Required from the data below: the exact lines starting at the line containing "累计20000:真火圣龙*2" and ending at the line containing "這可不是普通的座椅。椅子坐的", with both ends kept and all pictures dropped.

== Data records ==
▽
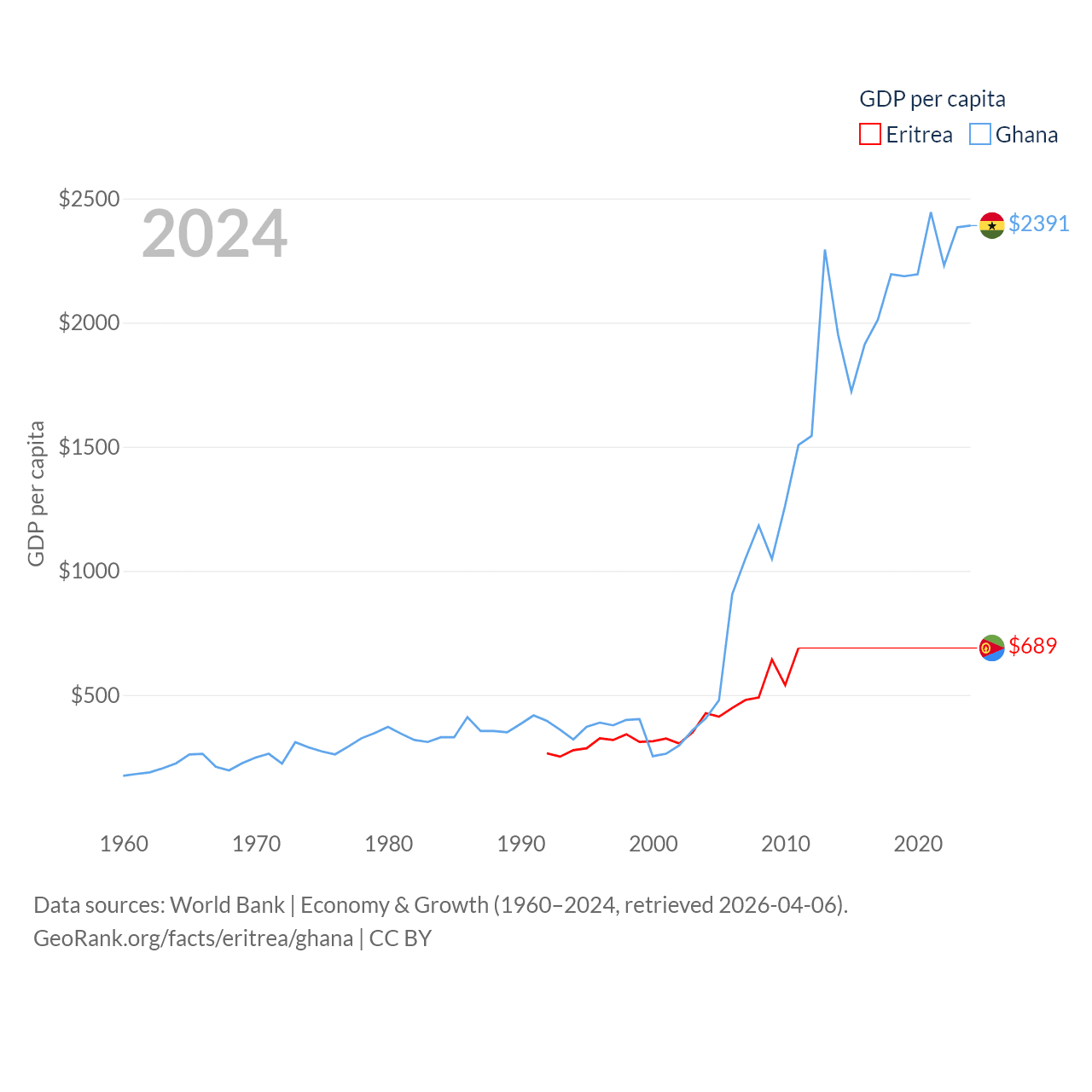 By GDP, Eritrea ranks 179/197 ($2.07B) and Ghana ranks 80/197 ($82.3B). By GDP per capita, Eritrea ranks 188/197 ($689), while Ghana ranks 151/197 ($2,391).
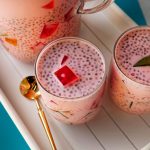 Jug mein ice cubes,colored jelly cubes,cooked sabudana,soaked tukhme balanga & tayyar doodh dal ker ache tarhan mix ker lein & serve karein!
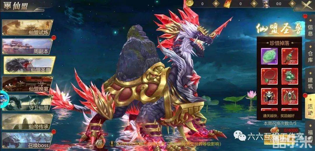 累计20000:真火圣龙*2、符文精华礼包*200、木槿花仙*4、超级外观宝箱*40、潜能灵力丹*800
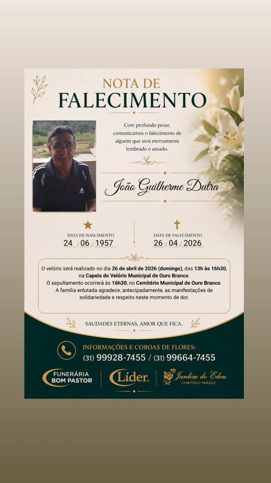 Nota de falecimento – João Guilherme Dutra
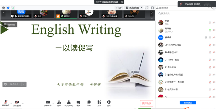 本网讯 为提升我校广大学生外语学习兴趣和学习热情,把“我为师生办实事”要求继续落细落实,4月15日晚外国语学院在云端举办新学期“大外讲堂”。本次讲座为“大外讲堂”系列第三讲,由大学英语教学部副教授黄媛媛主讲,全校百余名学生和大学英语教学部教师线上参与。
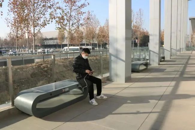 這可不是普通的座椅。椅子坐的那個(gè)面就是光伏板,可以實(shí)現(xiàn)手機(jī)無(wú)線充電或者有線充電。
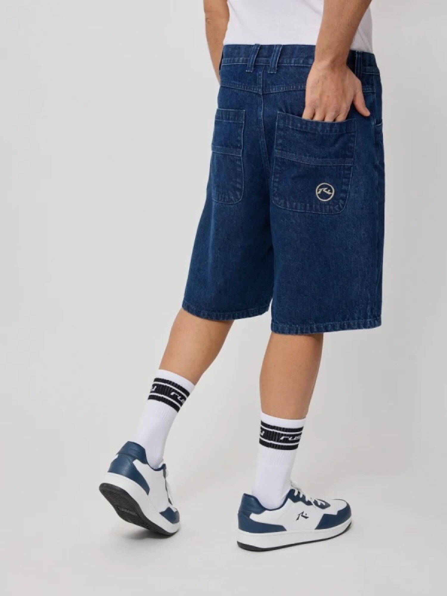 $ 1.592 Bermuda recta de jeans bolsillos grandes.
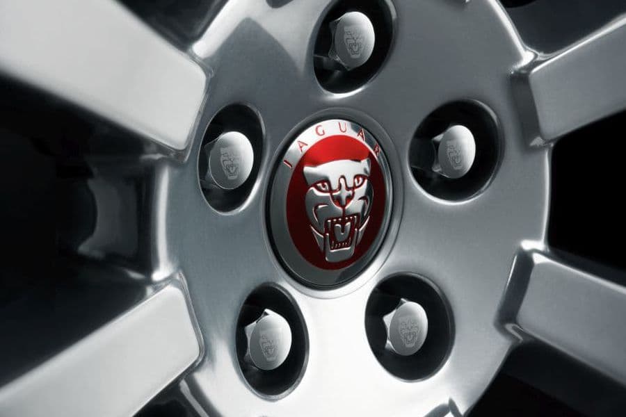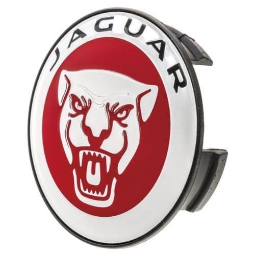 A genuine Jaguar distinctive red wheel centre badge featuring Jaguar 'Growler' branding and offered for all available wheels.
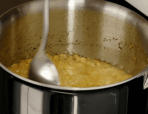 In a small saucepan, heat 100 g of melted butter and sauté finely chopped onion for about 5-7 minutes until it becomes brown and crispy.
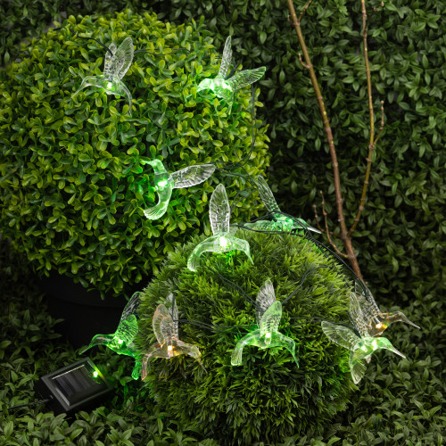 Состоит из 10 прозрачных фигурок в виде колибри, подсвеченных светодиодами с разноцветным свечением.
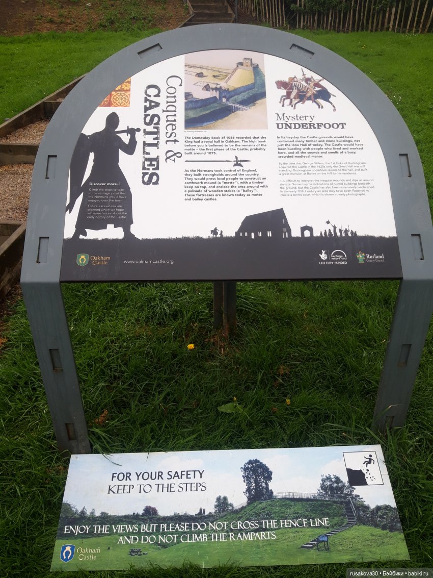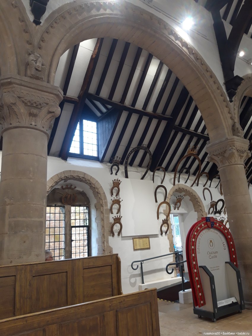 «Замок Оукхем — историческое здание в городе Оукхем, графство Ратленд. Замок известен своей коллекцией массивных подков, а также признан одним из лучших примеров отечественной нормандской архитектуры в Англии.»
△
▽
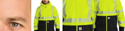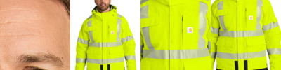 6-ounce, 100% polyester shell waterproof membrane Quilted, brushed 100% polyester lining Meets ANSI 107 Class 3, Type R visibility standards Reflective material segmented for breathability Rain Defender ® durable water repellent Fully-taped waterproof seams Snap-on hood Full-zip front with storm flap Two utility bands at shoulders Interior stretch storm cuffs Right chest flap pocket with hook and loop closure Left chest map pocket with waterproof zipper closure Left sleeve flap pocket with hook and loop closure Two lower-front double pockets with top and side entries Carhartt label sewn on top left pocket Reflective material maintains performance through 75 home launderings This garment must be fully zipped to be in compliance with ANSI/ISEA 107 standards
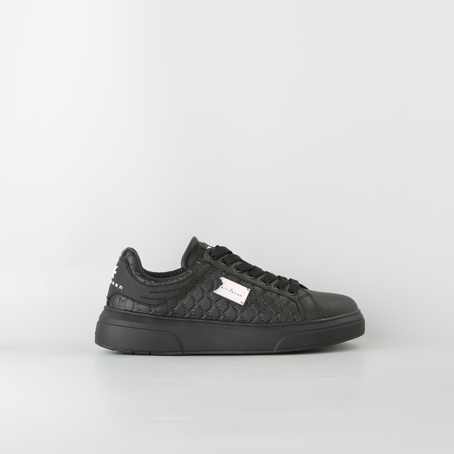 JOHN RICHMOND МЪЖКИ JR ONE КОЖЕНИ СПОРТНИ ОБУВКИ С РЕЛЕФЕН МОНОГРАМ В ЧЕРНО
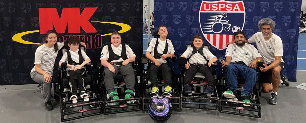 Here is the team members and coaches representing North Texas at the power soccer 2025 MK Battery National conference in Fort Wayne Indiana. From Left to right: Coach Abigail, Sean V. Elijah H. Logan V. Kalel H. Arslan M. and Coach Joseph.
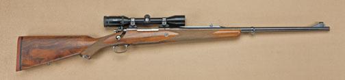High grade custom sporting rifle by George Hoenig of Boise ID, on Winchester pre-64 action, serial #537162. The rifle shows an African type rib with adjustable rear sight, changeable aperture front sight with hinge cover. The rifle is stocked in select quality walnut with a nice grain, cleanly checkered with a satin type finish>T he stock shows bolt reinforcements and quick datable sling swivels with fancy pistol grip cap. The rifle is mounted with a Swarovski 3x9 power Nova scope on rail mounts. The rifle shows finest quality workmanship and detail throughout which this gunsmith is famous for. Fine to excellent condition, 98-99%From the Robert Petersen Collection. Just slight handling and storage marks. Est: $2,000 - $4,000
△
▽
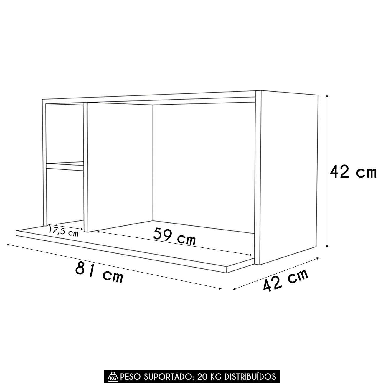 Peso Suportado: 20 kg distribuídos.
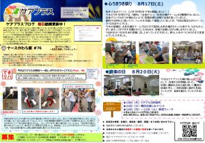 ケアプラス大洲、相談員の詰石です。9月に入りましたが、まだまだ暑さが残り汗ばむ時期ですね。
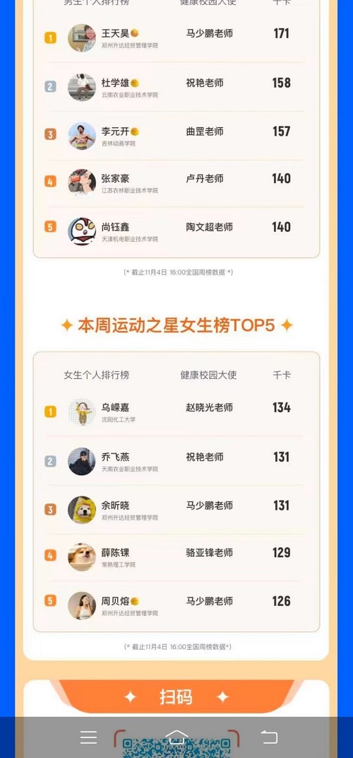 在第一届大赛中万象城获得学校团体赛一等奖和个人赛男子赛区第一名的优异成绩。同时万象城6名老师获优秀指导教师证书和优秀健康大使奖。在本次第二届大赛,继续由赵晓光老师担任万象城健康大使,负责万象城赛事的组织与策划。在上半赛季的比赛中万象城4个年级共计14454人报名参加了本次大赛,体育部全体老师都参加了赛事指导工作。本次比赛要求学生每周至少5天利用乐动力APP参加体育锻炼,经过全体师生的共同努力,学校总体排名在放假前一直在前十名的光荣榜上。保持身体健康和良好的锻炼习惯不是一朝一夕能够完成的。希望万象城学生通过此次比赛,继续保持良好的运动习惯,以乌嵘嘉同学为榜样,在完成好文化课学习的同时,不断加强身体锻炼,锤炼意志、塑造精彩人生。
△
== Task output ==
 累计20000:真火圣龙*2、符文精华礼包*200、木槿花仙*4、超级外观宝箱*40、潜能灵力丹*800
 Nota de falecimento – João Guilherme Dutra
 本网讯 为提升我校广大学生外语学习兴趣和学习热情,把“我为师生办实事”要求继续落细落实,4月15日晚外国语学院在云端举办新学期“大外讲堂”。本次讲座为“大外讲堂”系列第三讲,由大学英语教学部副教授黄媛媛主讲,全校百余名学生和大学英语教学部教师线上参与。
 這可不是普通的座椅。椅子坐的那個(gè)面就是光伏板,可以實(shí)現(xiàn)手機(jī)無(wú)線充電或者有線充電。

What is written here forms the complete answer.